Balancing the Desire for Casual Encounters While Pursuing a Meaningful Relationship
Being a gay man in my late 40s, my life has involved numerous, largely enjoyable years pursuing spontaneous encounters with other men since the age of 19. During my fourth decade, I was in a serious relationship which continued for a significant period, but it never fully satisfied me, because I didn't experience love or intimately fulfilled. The fact is that my constant desire has been for uncommitted intimacy. Every time I start to date a potential partner, once the newness dwindles, I always get the urge to be intimate with other men again.

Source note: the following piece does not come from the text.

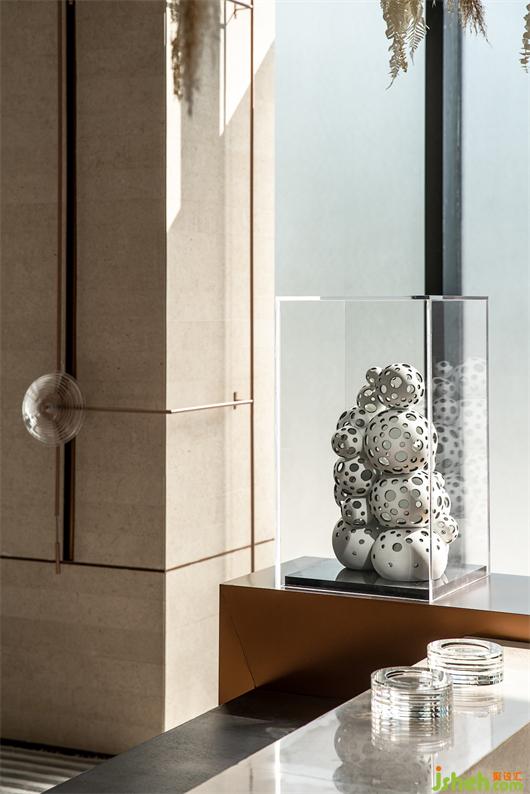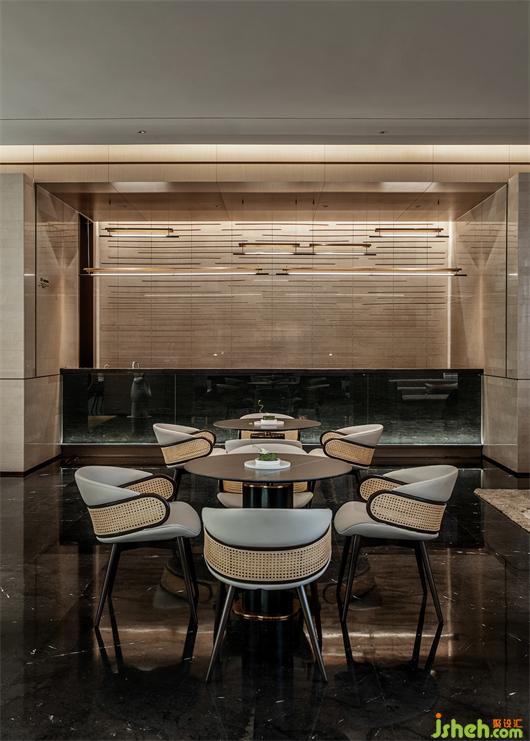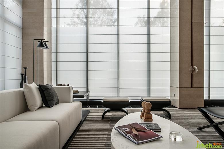 公區(qū)設(shè)計(jì)師確立了以水為線索、用材質(zhì)對(duì)比在空間中表達(dá)出溫潤和有人情味的生活氣息,用酒店大堂的視覺感受體現(xiàn)出生活品質(zhì)的設(shè)計(jì)策略。

Questioning the Feasibility of Exclusive Commitment
Currently, I'm contemplating if I’ll ever be able to sustain a faithful partnership. I understand that numerous gay men engage in open relationships, yet from my observations, they appear demanding, frequently causing significant heartache and envy among all parties. To a large extent, I want another man to love me while letting me pursue other intimacies, but I dread to imagine the psychological toll this might create. Is it best to keep having spontaneous encounters and acknowledge that a long-term relationship may be unattainable? I’m feeling a bit lost.
Each individual's sexual journey fluctuates. Try not to think of your relationship needs or your capacity to handle various forms of intimate connections as fixed. Your needs as you are experiencing them now could easily shift in the future; eventually you might become less ambivalent and discover greater understanding and a comfortable path … or perhaps not. At some point you might meet a person offering a life-changing chance to you through mirroring what you want completely … and later on you might decide that casual connections are best for you. Fretting over the future and engaging in the “What if?” game is merely anxiety-based and a waste of your efforts. Try to be present with your partners, and recognize the worth of every individual you connect with intimately a sexual connection. If and when the time is right to strengthen true intimacy with a single person, you will know.
- The psychotherapist is a American psychotherapist focusing on treating sexual disorders.